A radiator that's cold at the top but warm at the bottom has trapped air sitting where hot water should be. Bleeding — releasing that air through the small valve at the top corner — takes two minutes and needs one cheap tool: a radiator bleed key (or a flat screwdriver on modern valves).
Here's the right way to do it, including the steps people skip.

Step 1: Heating off, radiators cool
Turn the heating off and let radiators cool. Bleeding with the pump running can draw more air in, and bleeding hot radiators sprays hot water. Patience first.
Step 2: Find the bleed valve
It's the small square-ended valve at one top corner of the radiator, often inside a round collar. Have your bleed key and a cloth ready, and something to catch drips — the water that comes out is often filthy.
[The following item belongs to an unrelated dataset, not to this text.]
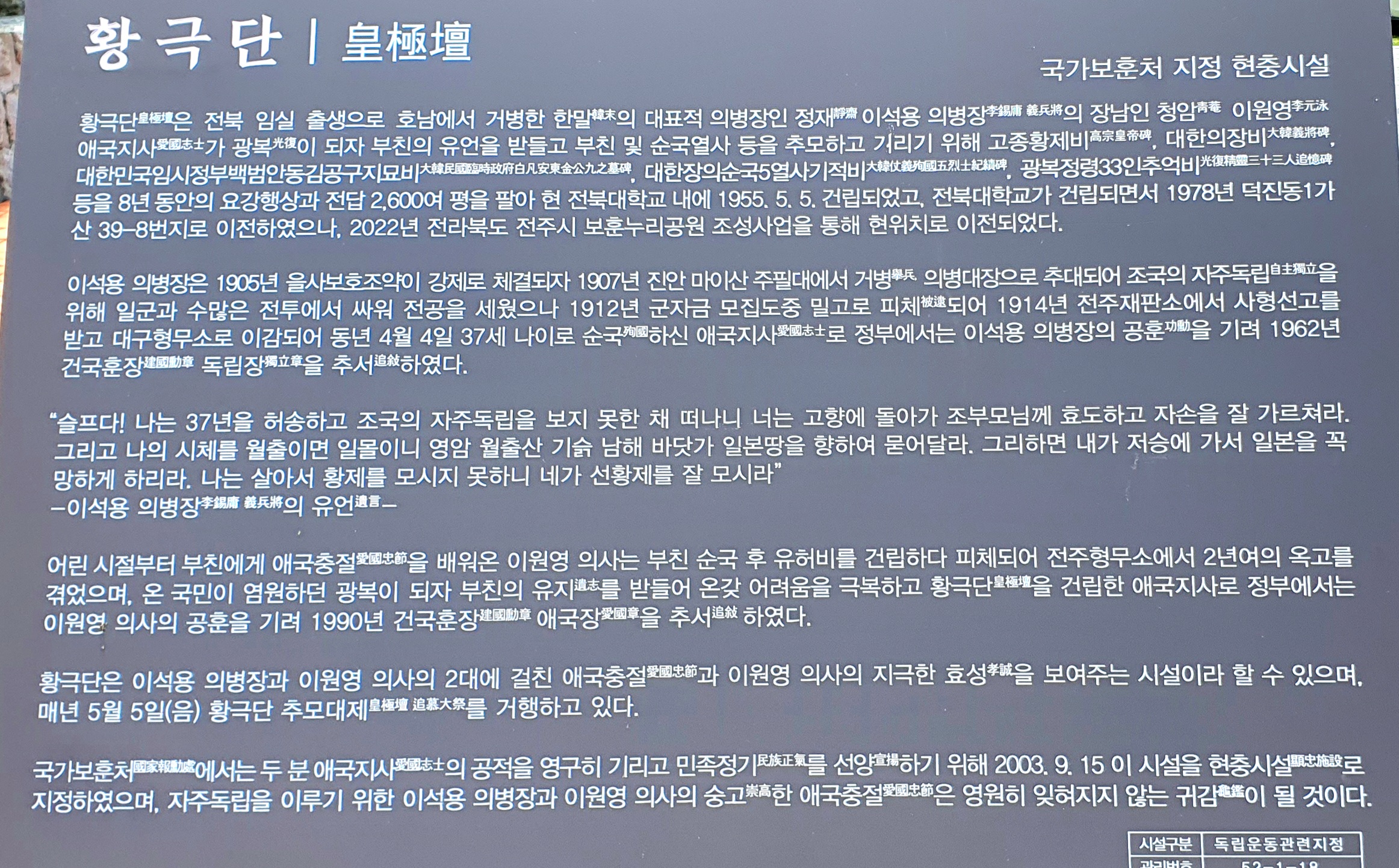 황극단皇極壇은 전북 임실 출생으로 호남에서 거병한 한말韓末의 대표적 의병장인 정재精齋 이석용 의병장李錫庸 義兵將의 장남인 청암靑庵 이원영李元永 애국지사愛國志士가 광복光復이 되자 부친의 유언을 받들고 부친 및 순국열사 등을 추모하고 기리기 위해 고종황제비高宗皇帝碑, 대한의장비大韓義將碑, 대한민국임시정부백범안동김공구지묘비大韓民國臨時政府金公九之墓碑, 대한장의순국5열사기적비大韓仗義殉國五烈士記積碑, 광복정령33인추억비光復精靈三十三人追憶碑 등을 8년 동안의 요강행상과 전답 2,600여 평을 팔아 현 전북대학교 내에 1955. 5. 5. 건립되었고, 전북대학교가 건립되면서 1978년 덕진동1가 산 39-8번지로 이전하였으니, 2022년 전라북도 전주시 보훈누리공원 조성사업을 통해 현위치로 이전되었다.

Step 3: Open a quarter to half turn
Insert the key and turn anticlockwise slowly — a quarter turn is usually enough. You'll hear a hiss as air escapes. Don't open it further; you're venting, not dismantling.
Step 4: Close when water appears
The hiss will fade and a steady dribble of water will appear — that means the air is out. Close the valve snugly (firm, not gorilla-tight). Wipe up, because heating water stains.
Step 5: Check the boiler pressure
This is the step everyone forgets. The air you released was occupying space in a sealed system; pressure will have dropped. Check the boiler gauge and top up via the filling loop to around 1.2 bar if needed — otherwise the boiler may lock out and you'll think bleeding broke it.
If bleeding doesn't fix it
Radiators that need bleeding every week have air getting in from somewhere — often a failing pump seal, a leak drawing air in, or corrosion generating hydrogen gas (a sign of missing inhibitor). Cold at the bottom rather than the top is sludge, not air, and needs a different fix entirely. Both are worth a professional look before winter.